News & Politics

The Light Stuff

David Toran and his crew—including daughter Lily—clean and repair chandeliers for homes and historic buildings throughout Washington.

“When I brought my daughter home from the hospital, the first thing I did was stick her right under a chandelier,” says David Toran, shown with Lily. The 15-year-old can now assemble and install a glass chandelier on her own. Photograph by Matthew Worden.

Homes  > Home Design > Home Repair

When David Toran first spotted the chandeliers at the Mayflower hotel, he says, “they were all filthy.”

He sent a letter to the hotel’s manager offering to clean and repair the fixtures; he received a call two days later. That was 20 years ago. Today he and his associates at David Toran Chandelier Services in DC have restored all but one of the Mayflower’s 76 chandeliers.

In high school in Philadelphia, Toran, 64, worked for his father—a lighting-factory representative—assembling chandeliers and fixtures for stores. But he didn’t go right into the business after graduating.

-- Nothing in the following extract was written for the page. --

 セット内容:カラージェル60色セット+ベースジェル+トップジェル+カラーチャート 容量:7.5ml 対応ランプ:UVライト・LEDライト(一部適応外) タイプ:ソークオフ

After various jobs—working in a greenhouse, owning a motorcycle business—and projects including designing and building his own solar house, he visited Washington as a locomotive engineer with Amtrak and then moved here in 1985. One look around and he spied his future: “I saw that there was wealth,” he says. “And where there is wealth there are chandeliers.”

Toran sometimes has more than a dozen chandeliers in his shop for repair; they come from restaurants, embassies, and private homes. “It doesn’t matter whether it’s a $12,000 or $1,200 chandelier,” he says. “They all get treated the same way.”

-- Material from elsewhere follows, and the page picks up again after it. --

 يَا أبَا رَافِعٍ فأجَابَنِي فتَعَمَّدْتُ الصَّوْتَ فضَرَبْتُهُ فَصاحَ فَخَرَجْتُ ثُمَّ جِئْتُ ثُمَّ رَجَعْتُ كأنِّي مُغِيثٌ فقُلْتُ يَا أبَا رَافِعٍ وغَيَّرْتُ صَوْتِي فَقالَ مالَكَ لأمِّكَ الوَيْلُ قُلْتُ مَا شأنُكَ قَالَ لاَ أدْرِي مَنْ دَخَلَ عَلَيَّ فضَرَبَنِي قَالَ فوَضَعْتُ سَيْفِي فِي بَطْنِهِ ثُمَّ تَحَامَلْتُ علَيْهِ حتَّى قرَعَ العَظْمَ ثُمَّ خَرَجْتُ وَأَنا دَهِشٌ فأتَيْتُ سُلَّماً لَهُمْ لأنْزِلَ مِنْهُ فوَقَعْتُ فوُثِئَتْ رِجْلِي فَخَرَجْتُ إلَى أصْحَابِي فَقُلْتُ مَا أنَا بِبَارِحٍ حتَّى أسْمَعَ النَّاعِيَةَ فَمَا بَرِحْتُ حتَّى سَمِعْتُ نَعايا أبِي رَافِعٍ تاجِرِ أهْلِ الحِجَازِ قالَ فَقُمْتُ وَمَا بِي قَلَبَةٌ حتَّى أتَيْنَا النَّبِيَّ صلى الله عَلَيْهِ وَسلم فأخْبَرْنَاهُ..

Twice a year, he hand-cleans the Mayflower chandeliers using a mild ammonia-and-water solution. His favorites hang in a row, running from the 17th Street side of the building toward the restaurant. They’re Versailles style with amethyst columns and French-cut prisms. Toran spent six months restoring these.

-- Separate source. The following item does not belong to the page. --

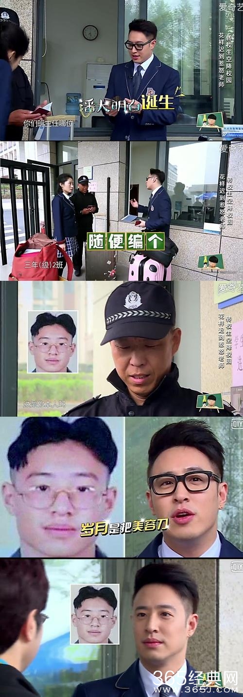 节目组专门把他当年的丑照找来做学生卡,结果潘玮柏也完全没生气,还跟门房大爷和主任开玩笑。问他哪个班的,他回了一首周董的歌,三年二班。还很配合地把眼镜摘下来,配合老师认自己哈哈哈。

Lily Kardell, Toran’s daughter, is his lead apprentice. She’s 15.

“When I brought my daughter home from the hospital, the first thing I did was take her into the shop, and I stuck her right under a chandelier,” Toran says. When Lily was five, Toran started her on matching and counting crystals. She can now assemble and install a glass chandelier on her own.

“I have no expectations that my daughter will go into the business,” Toran says, “but I do have hopes that it will support her through college.”

He says the interest in maintaining antique crystal chandeliers is shrinking: “The parent who is my age wants to pass the chandelier on, and the children don’t want it.” But he knows he’ll have no problem passing on his ten chandeliers: “My eldest has already asked for one.”